## What is being asked
Each entry should be copied as it stands, leaving the pictures behind.

## Listed entries
++++++++
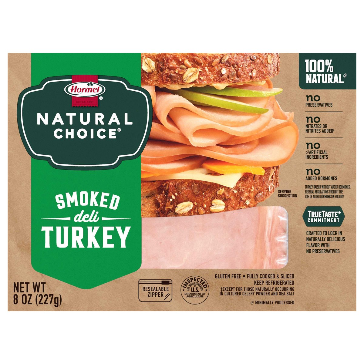 - HORMEL NATURAL CHOICE Sliced Smoked Deli Turkey Lunch Meat comes in a convenient resealable package
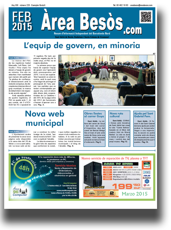 InicioHemeroteca (25 Anys) Hemeroteca (25 Anys) Àrea Besòs 220 Febrer 2015 Redacció 28 de junio de 2020 FacebookTwitter AB0220 Cuota FacebookTwitter Artículo anteriorÀrea Besòs 219 Gener 2015Artículo siguienteÀrea Besòs 221 Març 2015 Redaccióhttp://www.areabesos.com/diario Últims Articles Comarca Nova edició del CINC, el Cicle de Cinema Infantil en Català, a l’Ocine del Màgic Badalona Actualitat L’ Ajuntament de Sant Adrià de Besòs i el Col·legi Sant Gabriel col·laboren amb l’organització Abre sus Ojos Actualitat Els Mossos d’Esquadra detenen l’autor del robatori d’una bicicleta elèctrica i la retornen al seu propietari a Sant Adrià de Besòs DEJA UNA RESPUESTA Cancelar respuesta Comentario: Por favor ingrese su comentario! Nombre:* Por favor ingrese su nombre aquí Correo electrónico:* ¡Has introducido una dirección de correo electrónico incorrecta! Por favor ingrese su dirección de correo electrónico aquí Sitio web: Guardar mi nombre, correo electrónico y sitio web en este navegador la próxima vez que comente. Δ 3,391FansMe gusta1,640SeguidoresSeguir0SuscriptoresSuscribirte Publicitat Últims Articles Comarca Nova edició del CINC, el Cicle de Cinema Infantil en Català, a l’Ocine del Màgic Badalona Actualitat L’ Ajuntament de Sant Adrià de Besòs i el Col·legi Sant Gabriel col·laboren amb l’organització Abre sus Ojos Actualitat Els Mossos d’Esquadra detenen l’autor del robatori d’una bicicleta elèctrica i la retornen al seu propietari a Sant Adrià de Besòs Actualitat Mor un home mentre treballava en una empresa de Sant Adrià Opinió Chínchate Ayuso: la Flotilla está triunfando Cargar más
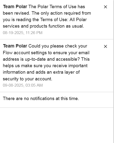 Logged in on a different computer . . . I’m getting the error fetching activities from Polar message but my last two missing activities are now here and when I returned to my other computer it’s good there as well.
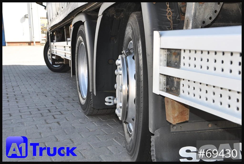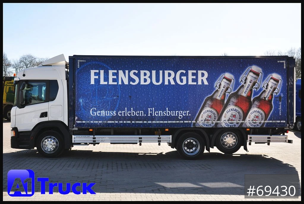 Scania P320 Getränkwagen 6x2, Ladebordwand: Dhollandia DHLM 30 Tragkraft 2500kg, Böse Getränkeaufbau, Heck Kamera, Dachluke
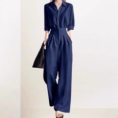 时尚气质蓝色套装女2025年秋装新款POLO领衬衫高腰直筒修身两件套
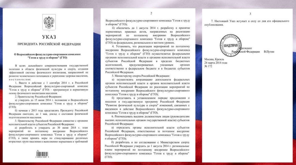 1. О Всероссийском физкультурно-спортивном комплексе «Готов ктруду и обороне» (ГТО) от 24.03.2014 № 172.
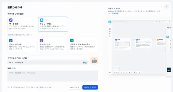 アプリタイプとして「チャットフロー」を選択し、アプリのアイコンと名前を設定した後、「作成する」ボタンを押します。
++++++++
## Answer box
 - HORMEL NATURAL CHOICE Sliced Smoked Deli Turkey Lunch Meat comes in a convenient resealable package
 InicioHemeroteca (25 Anys) Hemeroteca (25 Anys) Àrea Besòs 220 Febrer 2015 Redacció 28 de junio de 2020 FacebookTwitter AB0220 Cuota FacebookTwitter Artículo anteriorÀrea Besòs 219 Gener 2015Artículo siguienteÀrea Besòs 221 Març 2015 Redaccióhttp://www.areabesos.com/diario Últims Articles Comarca Nova edició del CINC, el Cicle de Cinema Infantil en Català, a l’Ocine del Màgic Badalona Actualitat L’ Ajuntament de Sant Adrià de Besòs i el Col·legi Sant Gabriel col·laboren amb l’organització Abre sus Ojos Actualitat Els Mossos d’Esquadra detenen l’autor del robatori d’una bicicleta elèctrica i la retornen al seu propietari a Sant Adrià de Besòs DEJA UNA RESPUESTA Cancelar respuesta Comentario: Por favor ingrese su comentario! Nombre:* Por favor ingrese su nombre aquí Correo electrónico:* ¡Has introducido una dirección de correo electrónico incorrecta! Por favor ingrese su dirección de correo electrónico aquí Sitio web: Guardar mi nombre, correo electrónico y sitio web en este navegador la próxima vez que comente. Δ 3,391FansMe gusta1,640SeguidoresSeguir0SuscriptoresSuscribirte Publicitat Últims Articles Comarca Nova edició del CINC, el Cicle de Cinema Infantil en Català, a l’Ocine del Màgic Badalona Actualitat L’ Ajuntament de Sant Adrià de Besòs i el Col·legi Sant Gabriel col·laboren amb l’organització Abre sus Ojos Actualitat Els Mossos d’Esquadra detenen l’autor del robatori d’una bicicleta elèctrica i la retornen al seu propietari a Sant Adrià de Besòs Actualitat Mor un home mentre treballava en una empresa de Sant Adrià Opinió Chínchate Ayuso: la Flotilla está triunfando Cargar más
 Logged in on a different computer . . . I’m getting the error fetching activities from Polar message but my last two missing activities are now here and when I returned to my other computer it’s good there as well.
 Scania P320 Getränkwagen 6x2, Ladebordwand: Dhollandia DHLM 30 Tragkraft 2500kg, Böse Getränkeaufbau, Heck Kamera, Dachluke
 时尚气质蓝色套装女2025年秋装新款POLO领衬衫高腰直筒修身两件套
 1. О Всероссийском физкультурно-спортивном комплексе «Готов ктруду и обороне» (ГТО) от 24.03.2014 № 172.
 アプリタイプとして「チャットフロー」を選択し、アプリのアイコンと名前を設定した後、「作成する」ボタンを押します。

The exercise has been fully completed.